***** Records provided
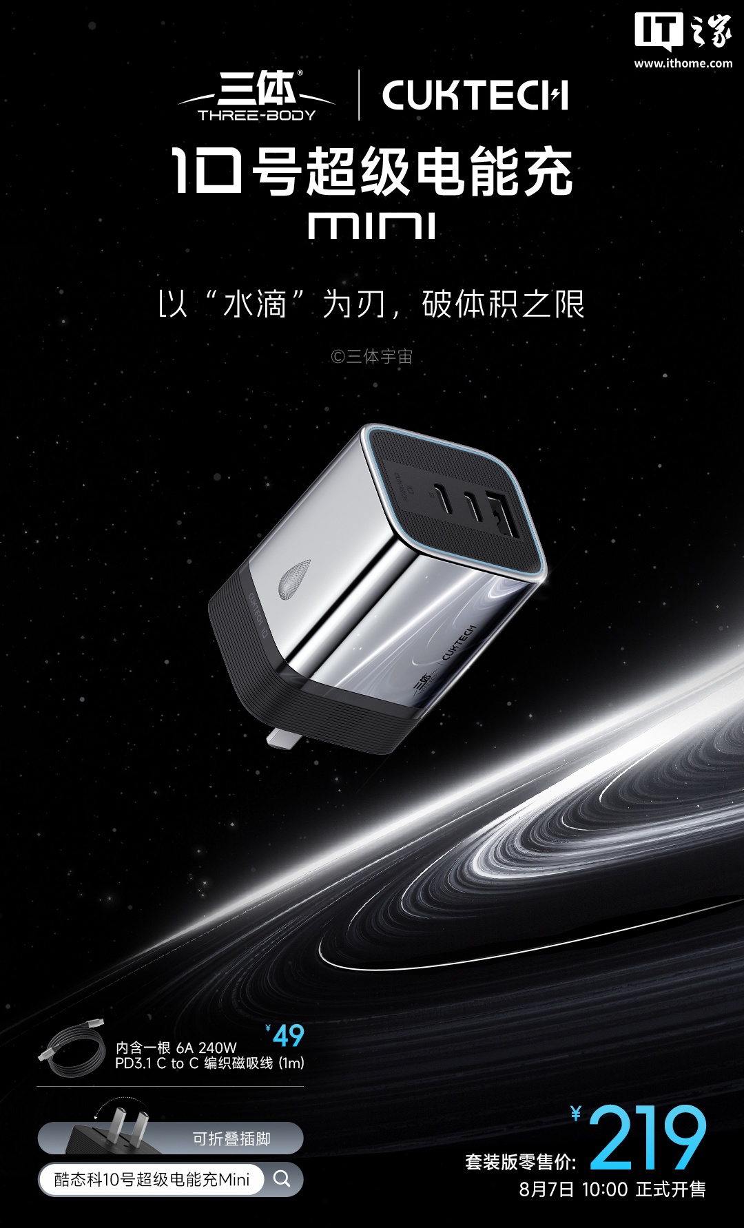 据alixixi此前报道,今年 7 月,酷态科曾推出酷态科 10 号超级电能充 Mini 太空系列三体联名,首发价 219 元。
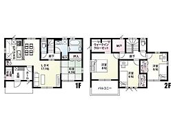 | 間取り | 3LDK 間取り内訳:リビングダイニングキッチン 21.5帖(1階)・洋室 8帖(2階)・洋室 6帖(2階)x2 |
**********
***** Records provided
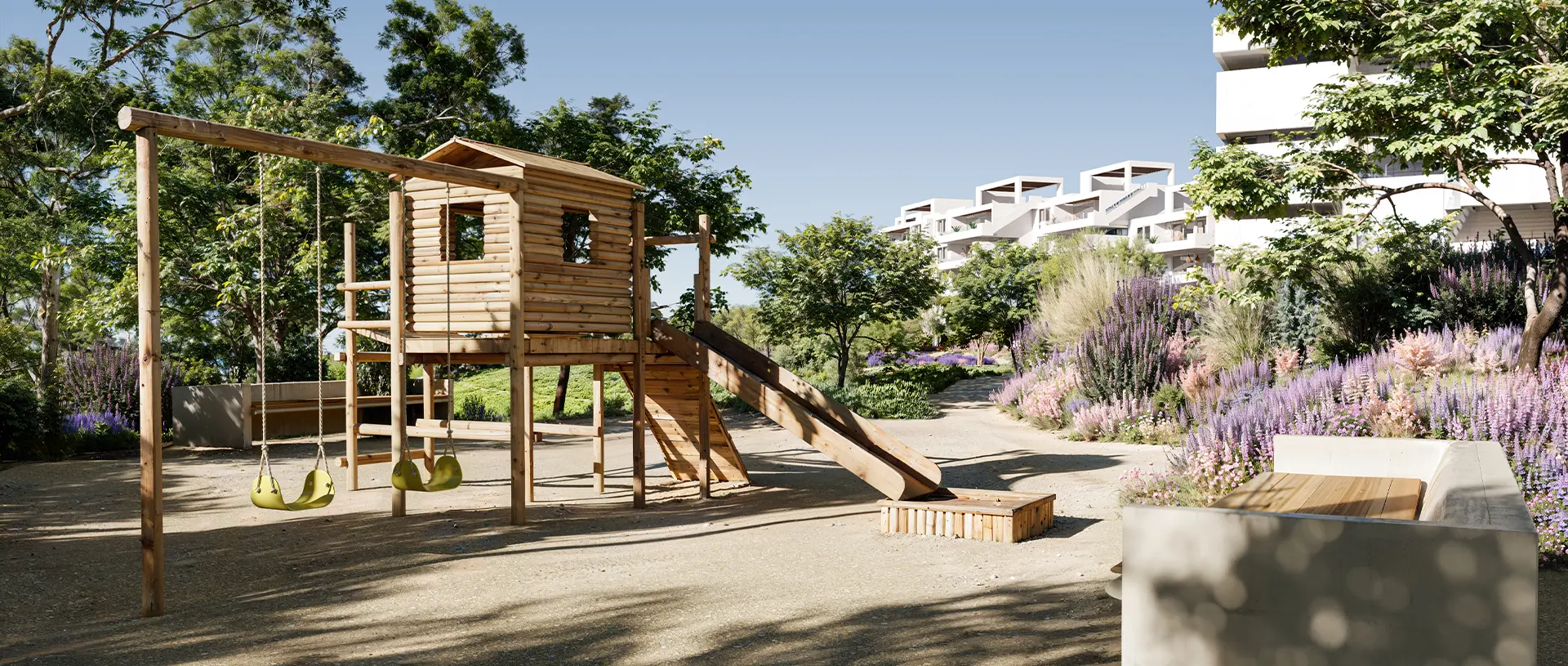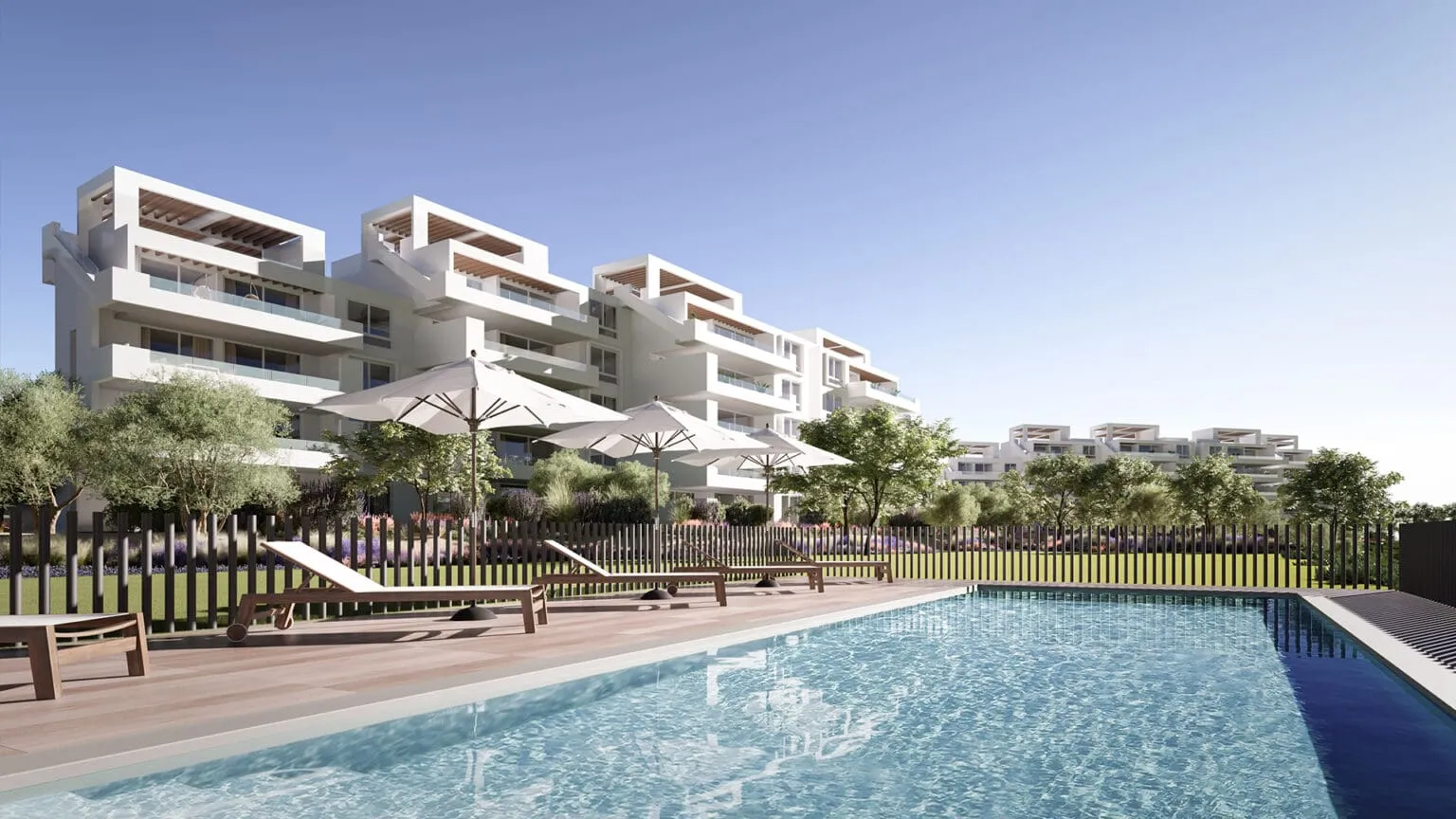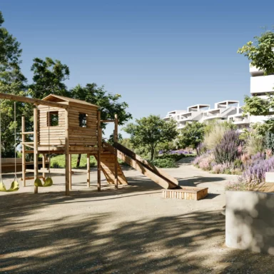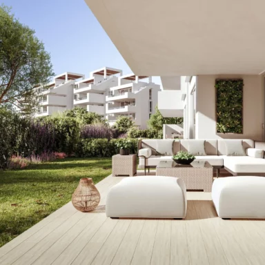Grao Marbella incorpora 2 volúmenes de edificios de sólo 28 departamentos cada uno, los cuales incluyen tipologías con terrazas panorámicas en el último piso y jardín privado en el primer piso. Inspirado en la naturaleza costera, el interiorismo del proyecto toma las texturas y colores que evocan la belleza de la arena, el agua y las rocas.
**********
Task statement:
From the data above, retype only the lines starting with the line with "据alixixi此前报道,今年 7 月,酷态科曾推出酷态科" and going on through the line with "8帖(2階)・洋室 6帖(2階)x2 |", exactly, leaving out the pictures.

Reply to the task:
 据alixixi此前报道,今年 7 月,酷态科曾推出酷态科 10 号超级电能充 Mini 太空系列三体联名,首发价 219 元。
 | 間取り | 3LDK 間取り内訳:リビングダイニングキッチン 21.5帖(1階)・洋室 8帖(2階)・洋室 6帖(2階)x2 |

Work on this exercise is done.